Segment Open

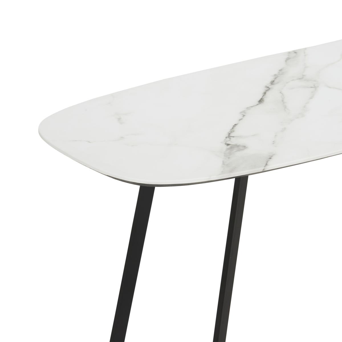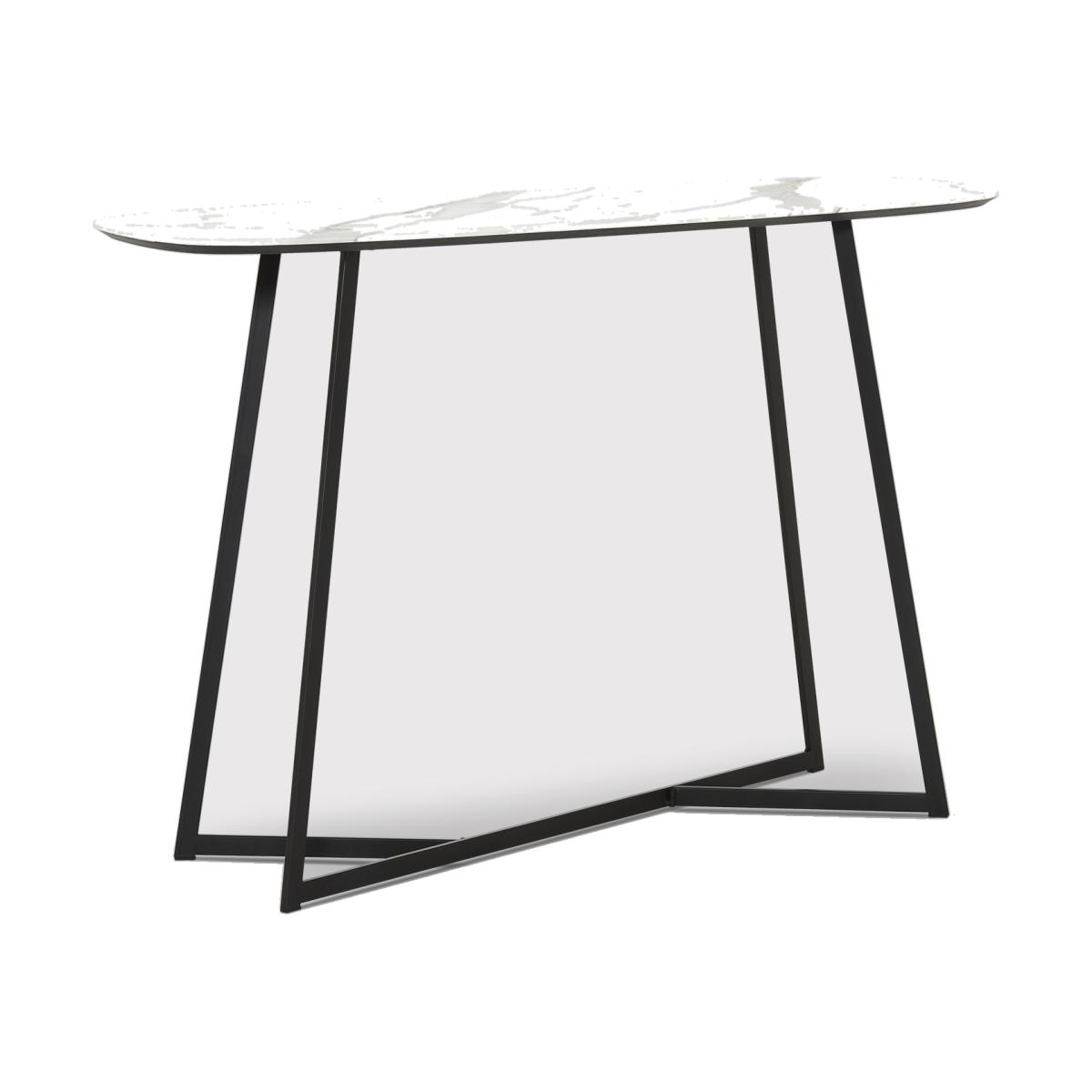 Looking to freshen up your living or dining space? The Maverick Console Table will undoubtedly enhance the room. Create a gorgeous feature to place along the wall, giving you extra room to display family photos, a lampshade, candles and more. The slim black legs featuring an unusual crossover design, hold up the stunning white marble table top of the Maverick Console Table, a gorgeous monochrome addition.
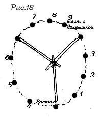 Затем к последнему шесту привязывается покрышка крепко- накрепко и притом так, чтобы нижний конец шеста выступал за край покрышки примерно на ладонь. Все это хозяйство поднимается и шест ставится на свое место. Если у вас тяжелая покрышка, то лучше делать это не одному. Для этого лучше перед поднятием шеста собрать к нему покрышку гармошкой и потом, когда шест поднят, два человека берутся за края покрышки и начинают расходиться, оборачивая ею каркас так, чтобы вход находился между восточным треножным и шестом номер 4 на рисунке 18. Покрышка скрепляется застежками сверху вниз. После этого можно раздвинуть шесты, чтобы ткань натянулась и плотно облегла каркас.
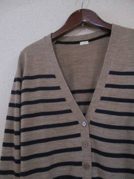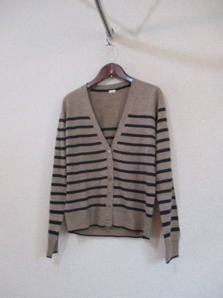 商品紹介 | 濃いめのベージュにネイビーのラインが入ったボーダーカーディガンです。 Vネックのシンプルな形です。 袖口と裾のラインは黒です。 《素材》 アクリル100% |
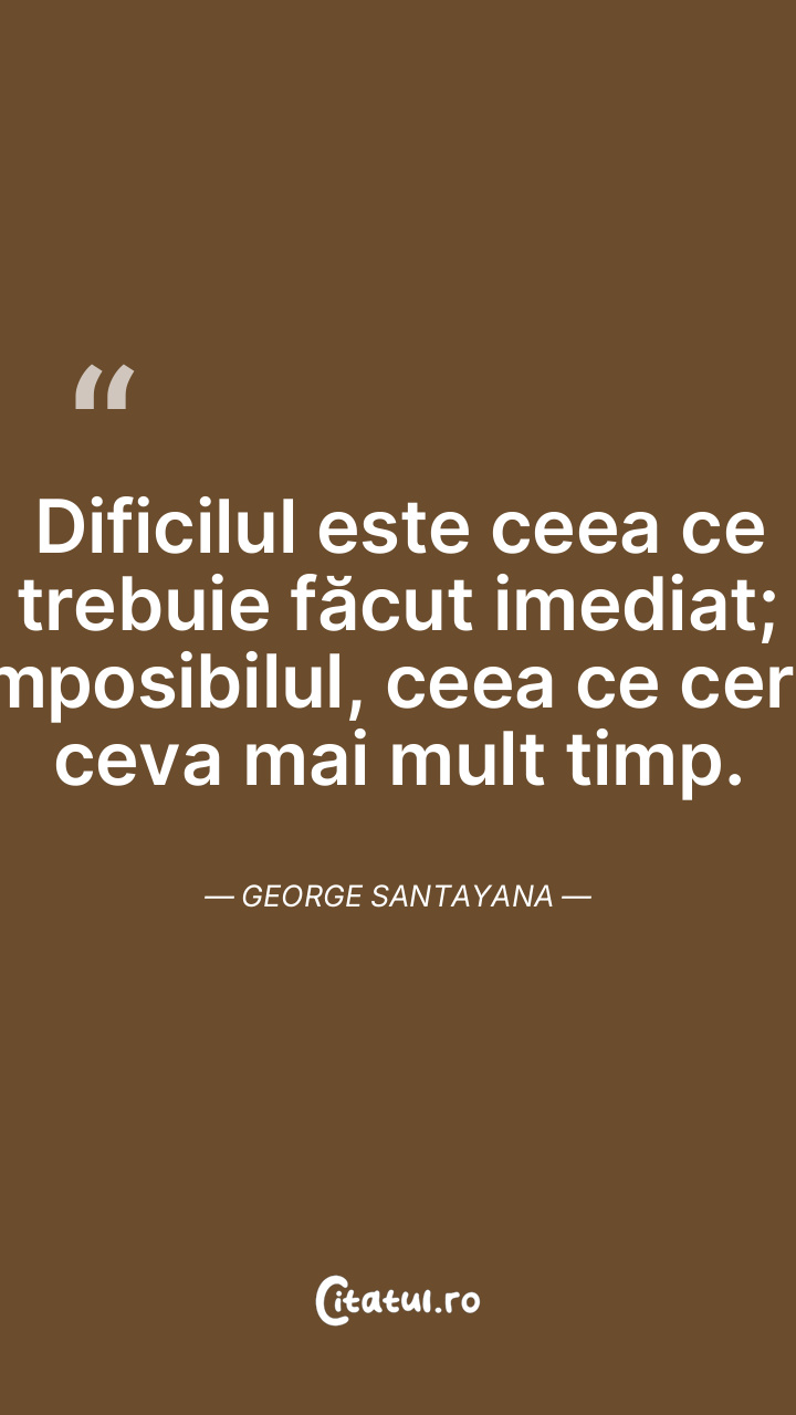 Dificilul este ceea ce trebuie făcut imediat; imposibilul, ceea ce cere ceva mai mult timp. George Santayana
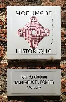 |   Le donjon (en état) du château d'Ambérieux-en-Dombes. | |
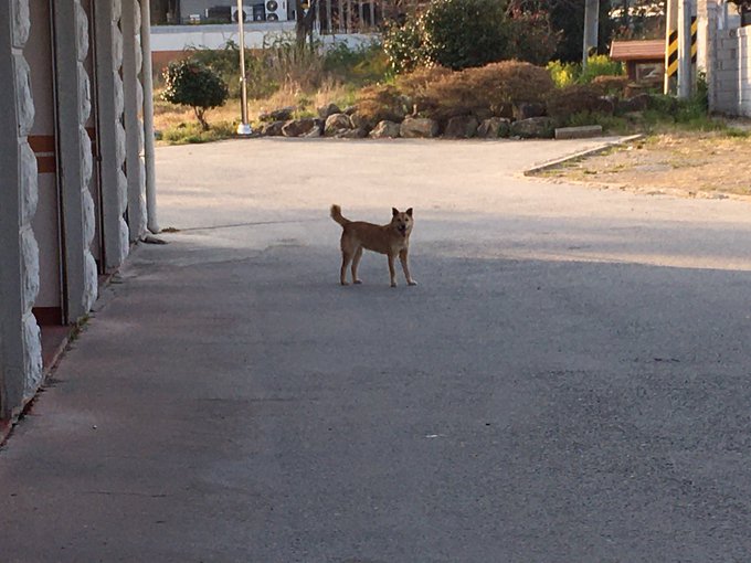 숙소 나와 출발 준비하는데 댕댕이 한마리가 웃으며 나를 바라본다 posted at 07:41:00
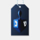 Ein modernistisches, metallisch blaues Dreieck vor einem dunklen, nächtlichen Hintergrund. Zwei der hebräischen Briefe, die auf einem dreifachen gefunden wurden, nun Nonne und glänzen, leuchten hell. Fügen Sie auf der Rückseite Ihren eigenen Text hinzu.
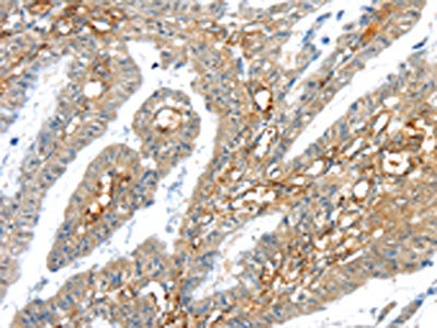 • The image on the left is immunohistochemistry of paraffin-embedded Human ovarian cancer tissue using CSB-PA236753(TRIM47 Antibody) at dilution 1/30, on the right is treated with synthetic peptide. (Original magnification: ×200)
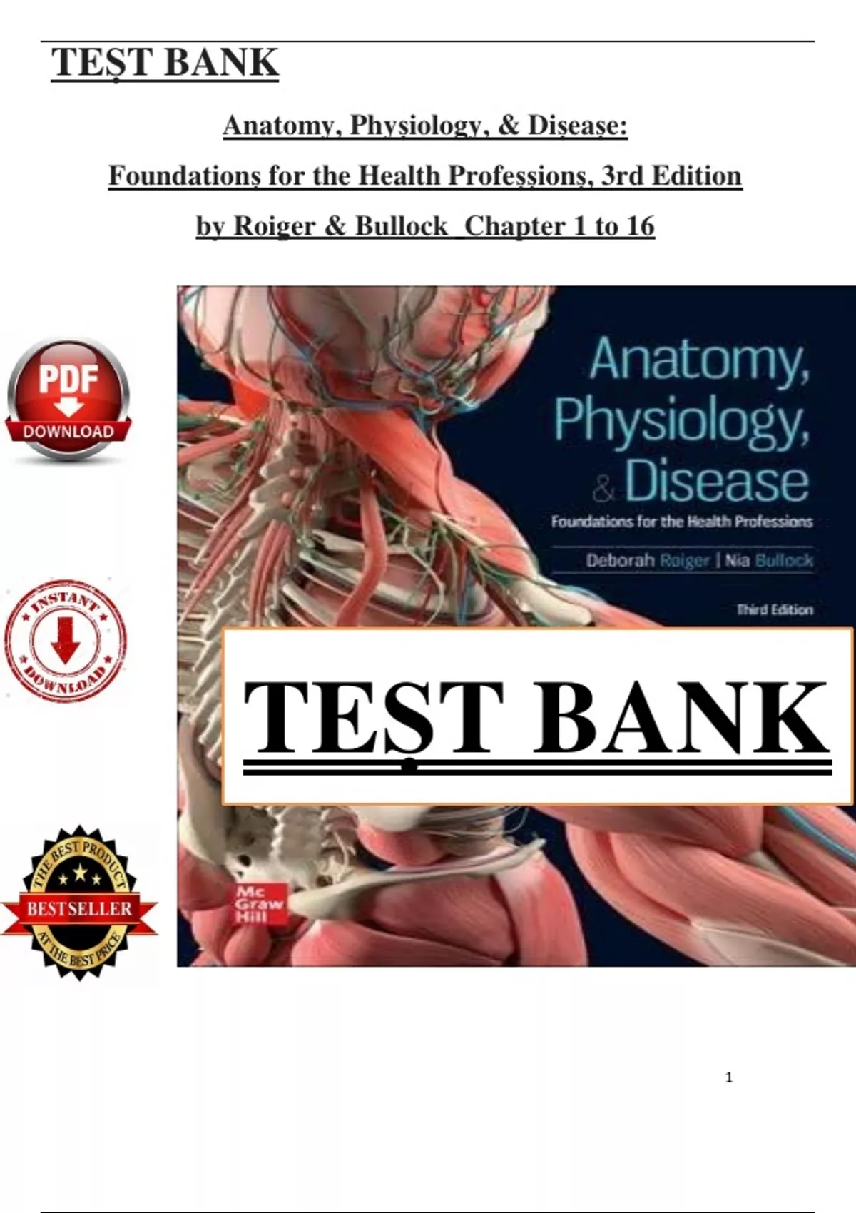 Test Bank - Anatomy, Physiology and Disease, 3rd Edition by Roiger & Bullock, All 16 Chapters Covered - Pdf
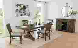 To maintain the textured wood finish, we recommend regular dusting with a soft, dry cloth. For the upholstered seats, our general care guidelines suggest prompt spot-cleaning of spills with a clean, damp cloth and a mild water-based cleaning solution. Avoid using harsh chemicals or abrasive cleaners, as these can damage the protective finish of the wood and the integrity of the fabric fibers.

Segment Closed

- **Requirement**:
Write out exactly the lines running from the one with "Test Bank - Anatomy, Physiology" through the end of the material, both ends included, while leaving the pictures out.

- **Exercise result**:
 Test Bank - Anatomy, Physiology and Disease, 3rd Edition by Roiger & Bullock, All 16 Chapters Covered - Pdf
 To maintain the textured wood finish, we recommend regular dusting with a soft, dry cloth. For the upholstered seats, our general care guidelines suggest prompt spot-cleaning of spills with a clean, damp cloth and a mild water-based cleaning solution. Avoid using harsh chemicals or abrasive cleaners, as these can damage the protective finish of the wood and the integrity of the fabric fibers.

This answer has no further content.